Letter to Henri Tempier, 13 August 1830, EO VII n. 354
Why was he so unusually meek and incapable of ignoring his health and forge ahead with his own plans?
It was because he had made a vow of obedience to Henri Tempier in April 1816 (cf http://www.eugenedemazenod.net/?p=639). Tempier never used his privileged position of son, friend, old comrade, admonitor, spiritual director and confessor, to interfere in Eugene’s ministry, but only in the case of his spiritual and physical welfare. Two months before, when Eugene had stubbornly resumed his duties in Marseilles, the alarmed Tempier had written:
“My dearly beloved Father, I am as grieved as anyone could possibly be. . . . I have done everything, not only as a son, but as a friend, an old comrade, an admonitor, even as a spiritual director and confessor, to induce you not to fast, and God knows how right I was! But all my suggestions and pleadings have been to no avail. I now learn that after fasting for two days and finding it necessary to sit down yesterday before you could go on with your Mass, today, the feast of the Holy Trinity, you are going to celebrate two Masses, one of which will be a High Mass at ten o’clock. Such imprudence is beyond all limits. I can find no words to describe this abuse of your health . . . and I feel conscience- bound to make my sorrow known to you in writing. If this is of no avail, then I shall inform the assistants-general of the Society that, since I cannot prevail upon you to care for your health, they themselves will have to see to it. It pains me, my beloved Father, to speak to you in this way, and yet, although I apologize for it, I feel that I have done nothing more than my duty.” (Quoted in Leflon 2 p.338)

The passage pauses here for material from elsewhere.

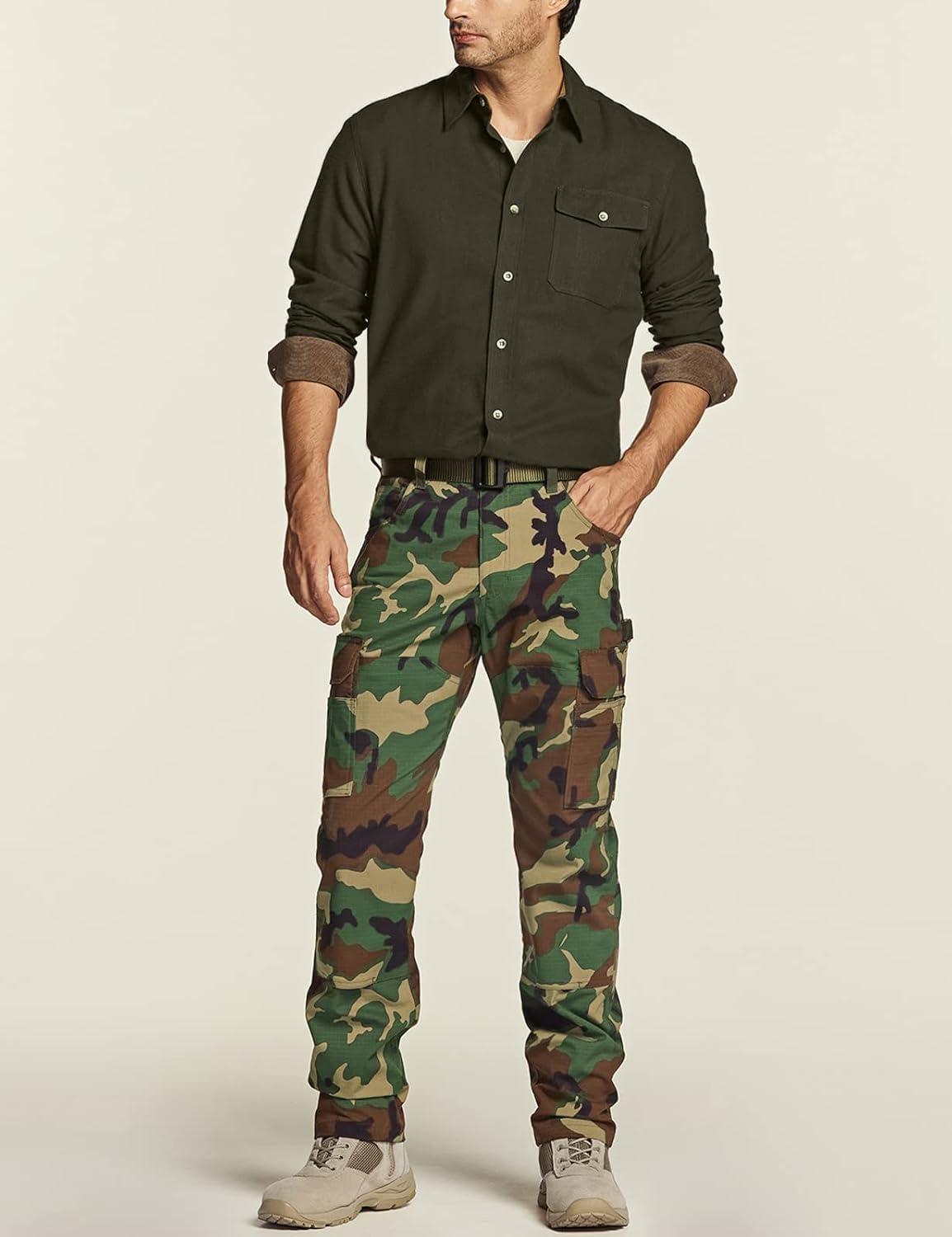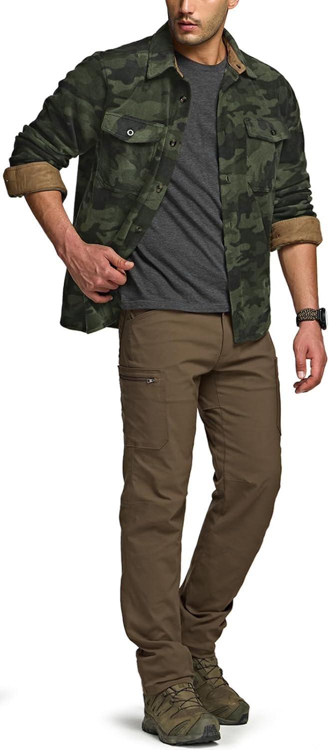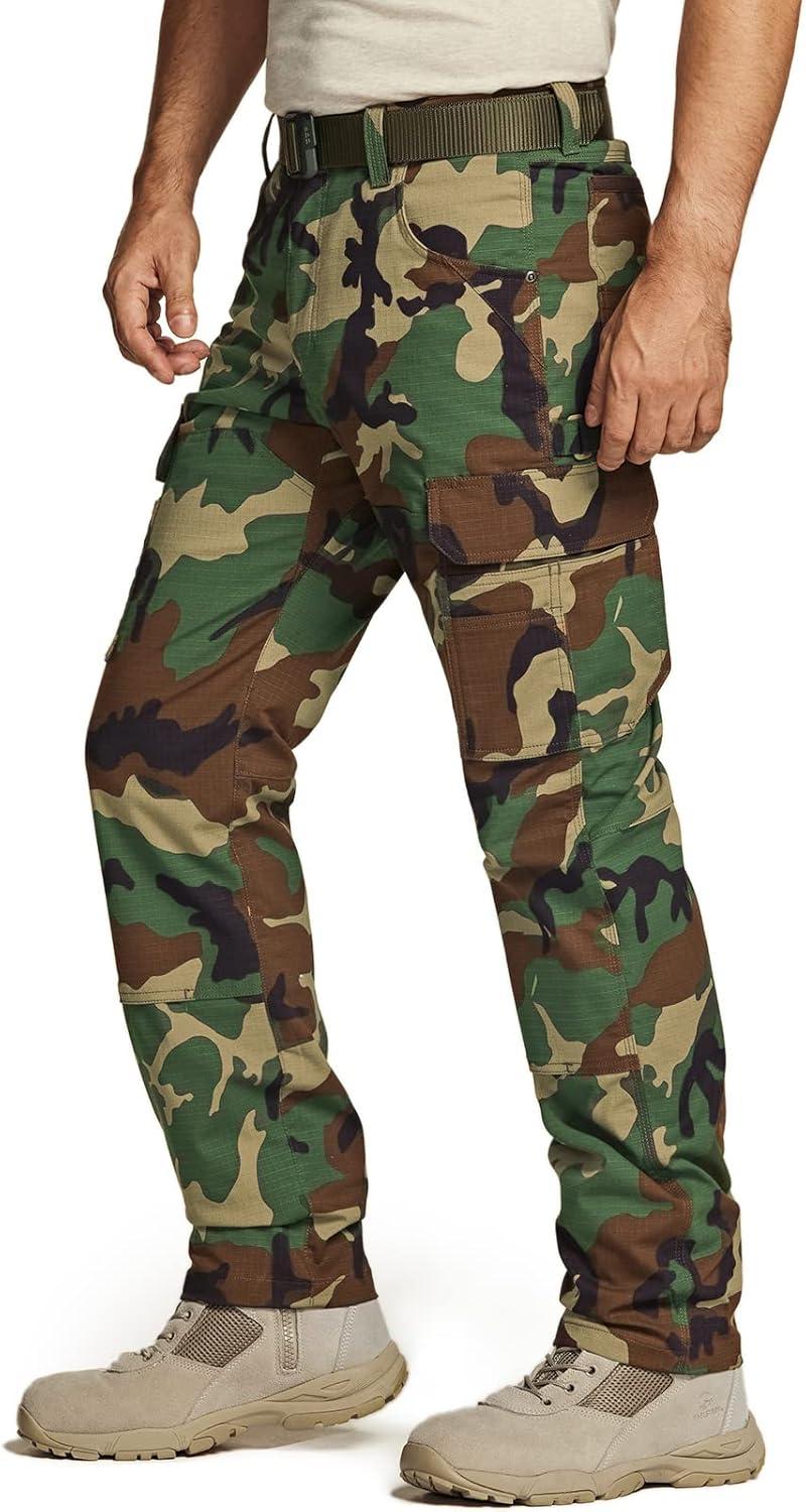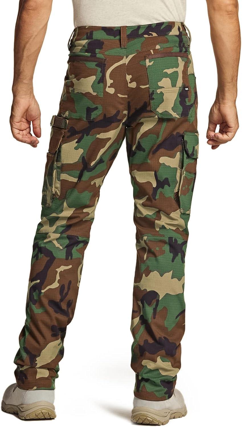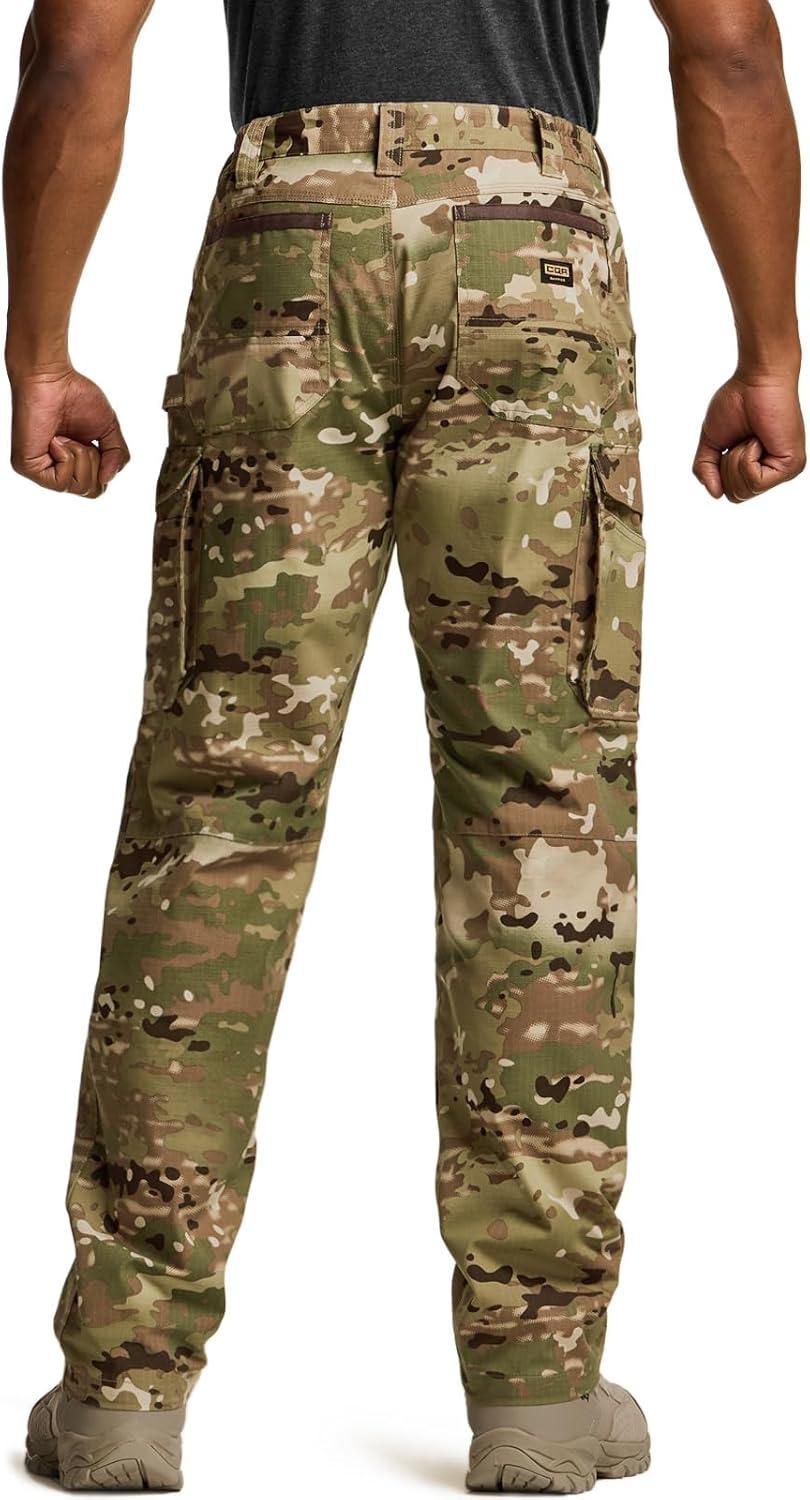 CQR Men’s Flex Stretch Tactical Pants, Water Resistant Ripstop Cargo Pants, Lightweight EDC Outdoor Work Hiking Pants(Intense Utility Camo)

“This imperative admonition would have sufficed, but Tempier, ad abundantiam juris, prescribed a physical check-up, as a result of which the doctors ordered a change of climate. Certainly, had he remained in Marseilles, no one could have counted on his relaxing. It was necessary, therefore, that he go away, and a good distance away. His trip was so arranged that it would take him from his regular duties, relax him, and at the same time provide him an opportunity to occupy his mind with family interests. It was decided that he go to Switzerland, an ideal spot for a sojourn. At Fribourg, he could see his nephew, Louis de Boisgelin, whom he had enrolled at the Jesuit College after the decree of the ordinances expelling the Jesuits from the minor seminary at Aix. His mother and his sister would accompany him to look after him.” (Leflon 2 p. 338 – 339)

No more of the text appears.